Sometimes while making a barplot, you might like to highlight a single bar in different color when compared to other bars. In this post, we will learn how to highlight a bar in barplot using ggplot2 in R. A Barplot displays counts or some quantitative variable corresponding to multiple categories as bars.
Let us load tidyverse packages.
library(tidyverse)
We will use results from Stack Overflow Developer Survey for the year 2019 to make barplots of salary for multiple educational qualifications.
stackoverflow_file <- "https://raw.githubusercontent.com/datavizpyr/data/master/SO_data_2019/StackOverflow_survey_filtered_subsampled_2019.csv" # load stackover flow results survey_results <- read_csv(stackoverflow_file) survey_results %>% select(CompTotal, Education) ## # A tibble: 6 x 2 ## CompTotal Education ## <dbl> <chr> ## 1 180000 Master's ## 2 55000 Bachelor's ## 3 77000 Bachelor's ## 4 67017 Bachelor's ## 5 90000 Less than bachelor's ## 6 58000 Bachelor's
Let us first compute average salary for each educational qualification. We will do a bit of clean up on the survey results just for the convenience of plotting for this example. We will ignore rows with NA values and also ignore education level lower than Bachelor’s degree. We will use dplyr’s group_by() and summarize() functions to compute average salary per educational group.

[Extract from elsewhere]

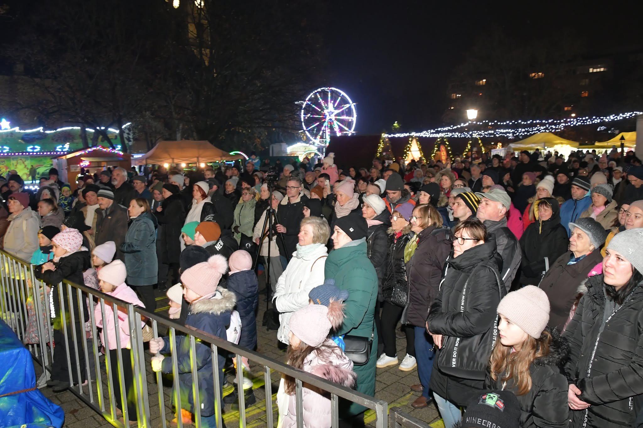Az adventi koszorú melletti színpadon a Kiss Bálint Református Általános Iskola 4., 5. és 6. osztályos diákjai adtak ünnepi műsort.

df <- survey_results %>% filter(Education !="Less than bachelor's")%>% group_by(Education) %>% summarize(ave_salary = mean(CompTotal))
In this example, we will highlight (color) the bar corresponding to educational category with maximum average salary. To color one bar/group selectively, we will create additional column in the dataframe using mutate such that the colum has value “1” for the maximum average salary and “0” for the rest. We use ifelse() statement to create the new column.
df_max <- df %>% mutate(max_salary=ifelse(ave_salary==max(ave_salary), "1", "0"))
Now we have the data ready to make barplot and highlight a single bar with ggplot2.
df_max ## # A tibble: 4 x 3 ## Education ave_salary max_salary ## <chr> <dbl> <chr> ## 1 Bachelor's 115088. 0 ## 2 Master's 131505. 0 ## 3 PhD 151564. 1 ## 4 Professional 121119. 0
Highlight a Bar in Barplot with ggplot2 in R: First Try
A simple way to highlight a bar in barplot is to simply use the new variable that we created with the fill argument in ggplot. In this example, we specified fill=max_salary and made bar plot with geom_col().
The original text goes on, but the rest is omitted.